Significant details around their infrastructure, and how they overcame difficulties in distributed RL, are given. It is not repeated here, but is worth bearing in mind for future implementations. The details are in §3, and are only about one page of text plus a couple of figures.

Data Curation

The problems are limited to those with verifiable solutions: maths with numerical answers or expression and coding with associate tests. They focus on the particulars of their maths and code evaluation, but include a key difficulty filtering insight.

A two-stage filtering pipeline is implemented to create 'Goldilocks' difficulty-level questions: neither too easy nor too hard for the model to learn from.

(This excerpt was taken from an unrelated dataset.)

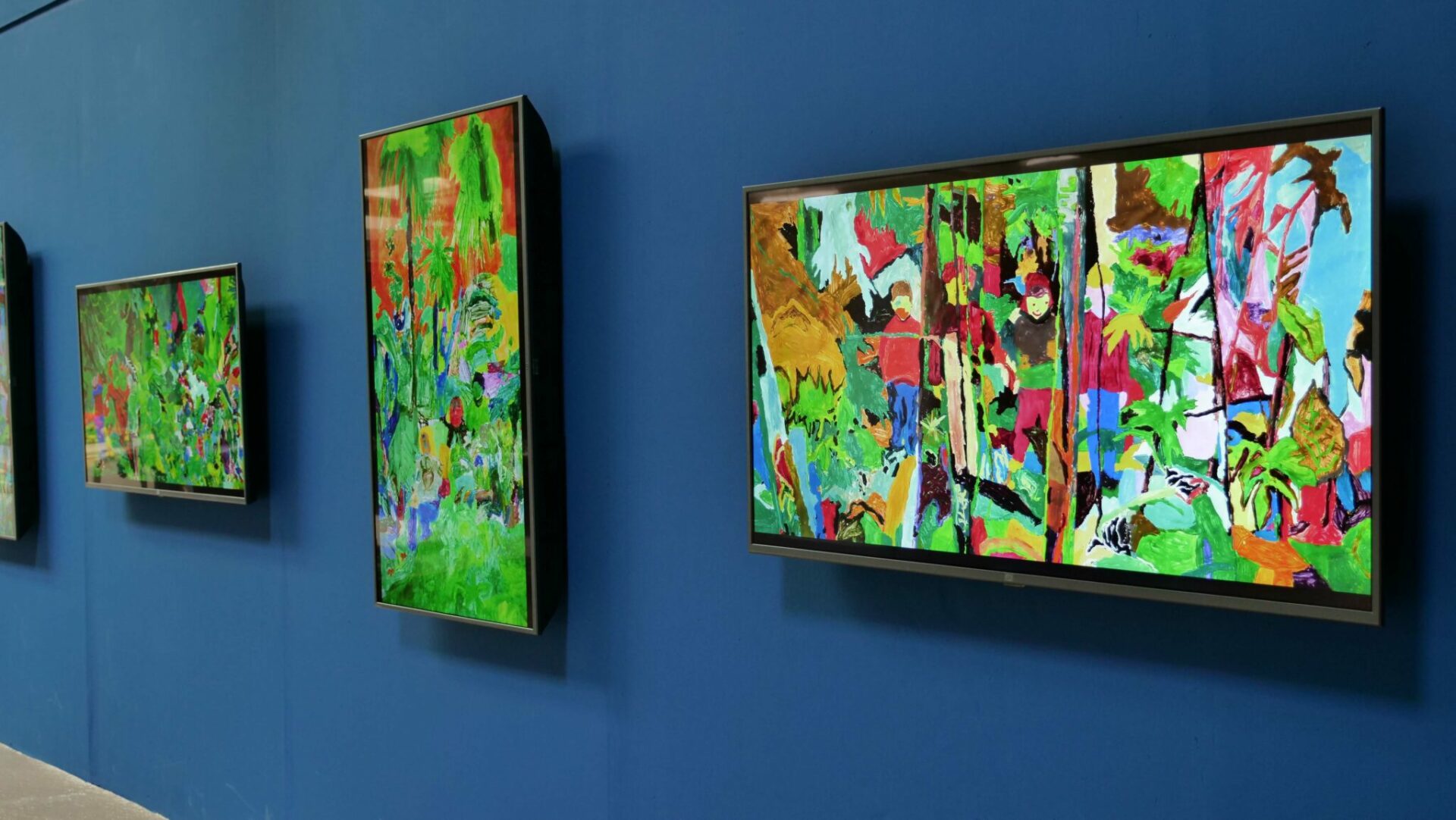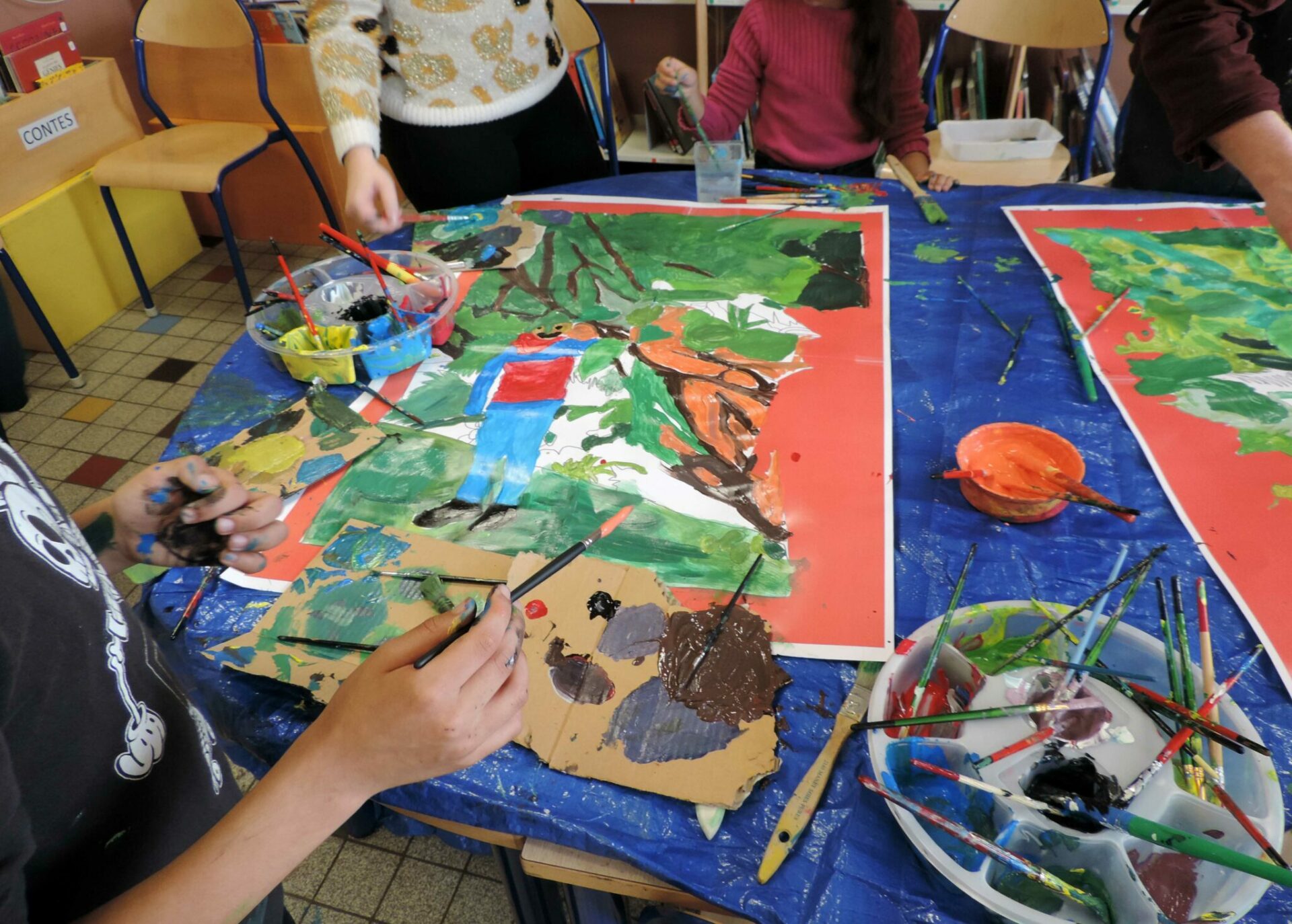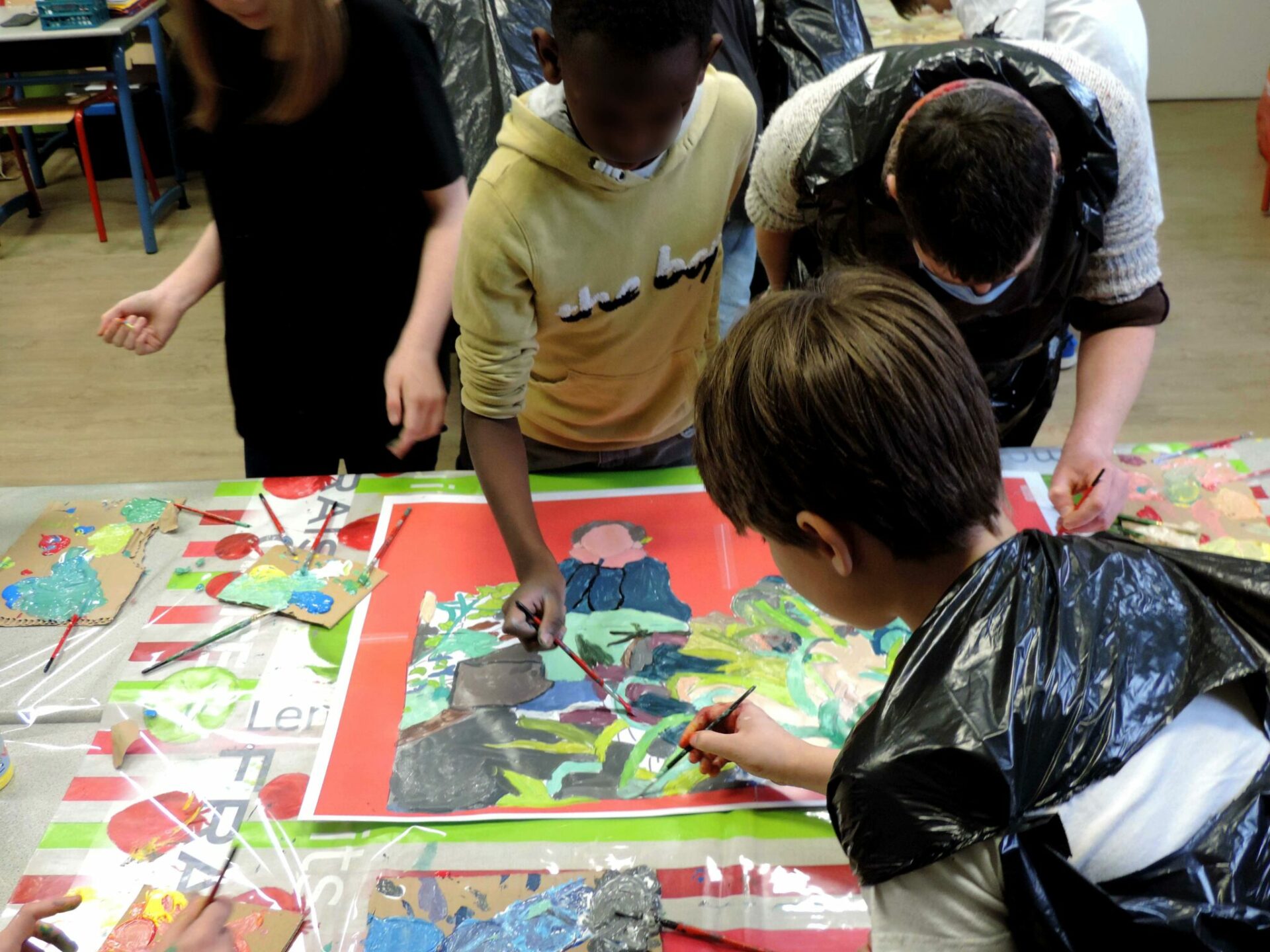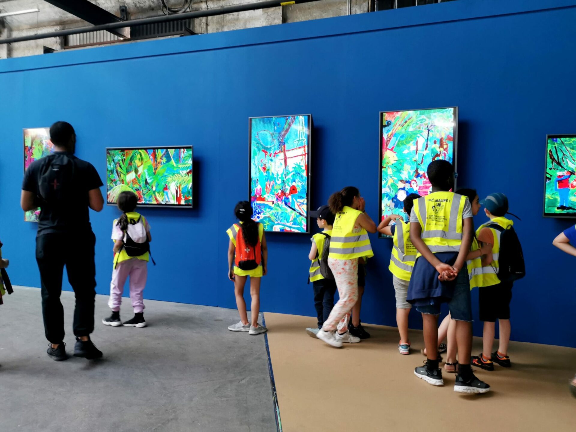 De retour en classe quelques semaines plus tard, l’idée était de peindre le souvenir de cette expérience sur grand format. Chaque groupe d’élèves composés de quatre à six personnes se sont affairés à réaliser des peintures collectives. Chacune de ces images, composées d’après une capture d’écran des vidéos précédentes, apparaissaient autant dans un mélange de remémoration des couleurs que dans une libre interprétation artistique.

1. • Perform initial difficulty assessment using Mistral Large 2 (not a reasoning model): sample 16 responses, and remove those never/always solved.
   • Use this curated set to train a 24B model via RL pipeline, resulting in a small but fairly good checkpoint used solely for difficulty assessment.
2. • This stronger RL-trained model re-assesses the entire dataset: again, sample 16 responses, filtering out the easiest/still-unsolved problems.
   • Further filter out potentially incorrect problems, where a majority of samples have the same final answer but disagree with the "ground-truth".

The authors argue that this two-stage methodology was crucial, that a single pass with the weaker Mistral Large 2 model would've caused it to discard difficult, but possible, questions, incorrectly classifying them as unsolvable

Experiments and Results

The primary goal is to answer two questions.

1. How far can one get with pure RL on a large base model?
2. Given a strong teacher model, how can one achieve the strongest possible lightweight model?

TO this end, Magistral Medium is trained on top of Mistral Medium 3 with pure RL, and Magistral began with SFT traces derived from Magistral Medium.

Magistral Medium: Reasoning RL from Scratch

Training was done in multiple stages, with distinct hyperparameters, ensuring the following criteria hold.

1. Dataset isn't too easy.

   Increase the difficulty (as judged previously) as model performance increases. Data previously filtered out for being too difficult can be added, and completely solved problems removed.

   It may be worth updating estimate on the difficulty as the model improves: if it continually can't solve something, maybe defer it until later.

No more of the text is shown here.